**Task brief:**
Copy out every line of the data exactly; do not include the images.
Segment Start: Dataset content
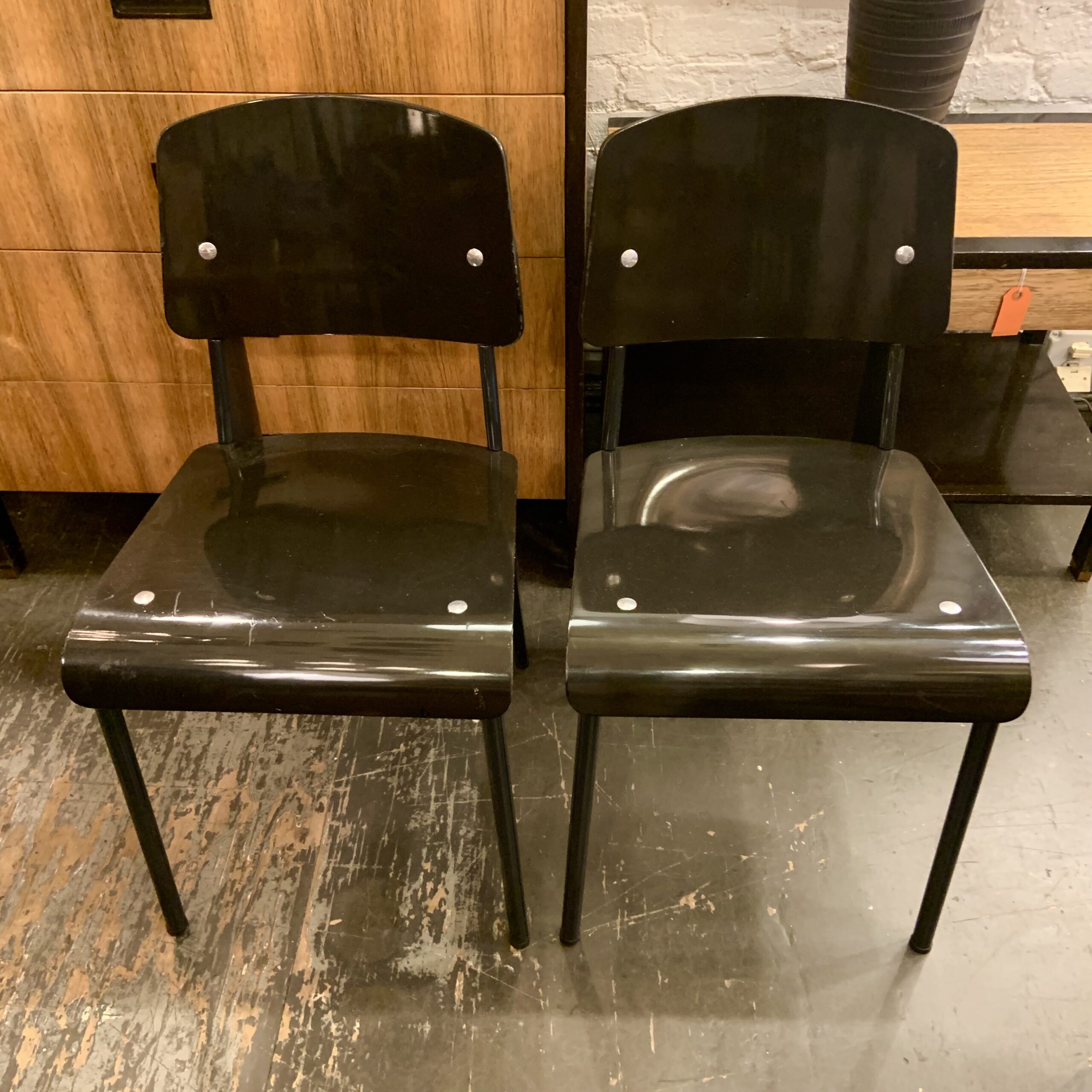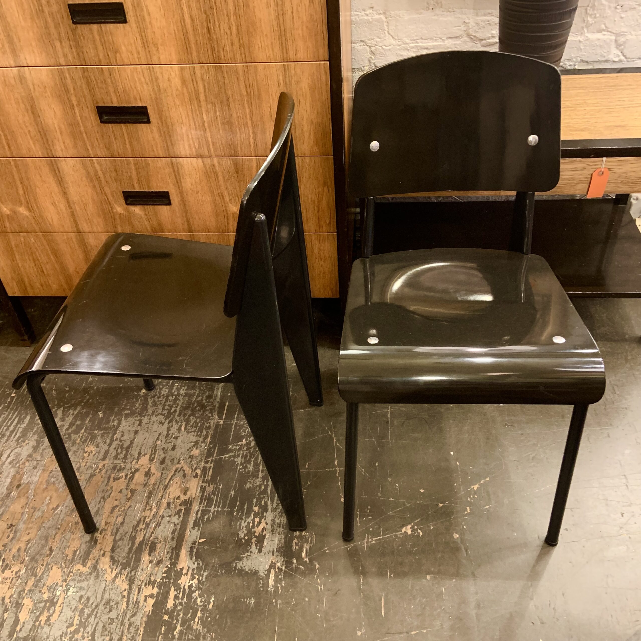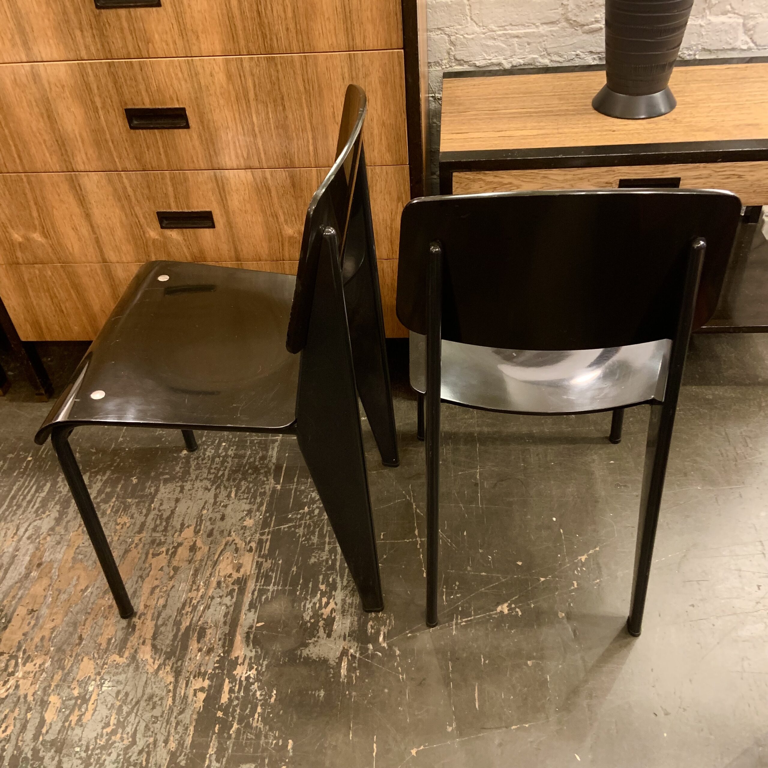 Jean Prouve Standard Chairs in Black made in Germany by Vitra 2003. In very good condition, they measure Height: 32 in Width: 16.5 in Depth: 20 in Seat Height: 17.75 in.
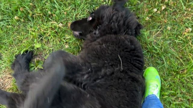 Английский бульдог Черри играет с ньюфаундлендом Бураном
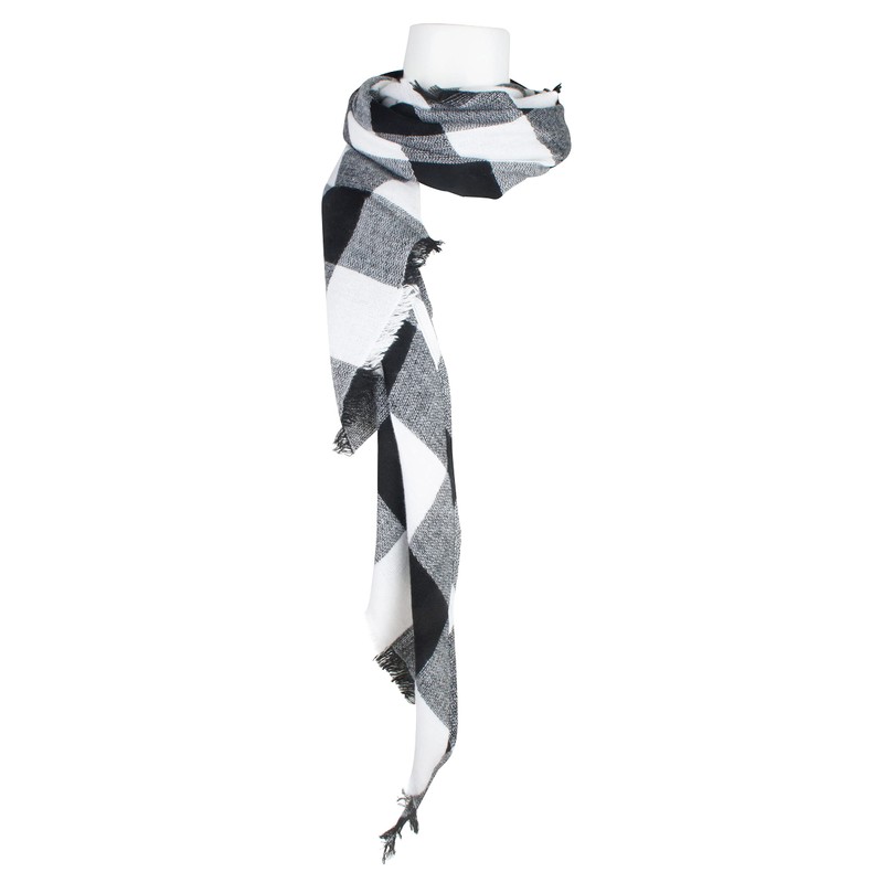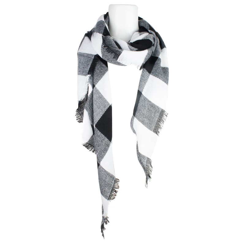 VIVIAN & VINCENT Triangle Fall Winter Soft Plaid Scarfs for Women Scarf Warm Shawls and Wraps Christmas Buffalo Chek Black White
Segment End: Dataset content
**Exercise solution:**
 Jean Prouve Standard Chairs in Black made in Germany by Vitra 2003. In very good condition, they measure Height: 32 in Width: 16.5 in Depth: 20 in Seat Height: 17.75 in.
 Английский бульдог Черри играет с ньюфаундлендом Бураном
 VIVIAN & VINCENT Triangle Fall Winter Soft Plaid Scarfs for Women Scarf Warm Shawls and Wraps Christmas Buffalo Chek Black White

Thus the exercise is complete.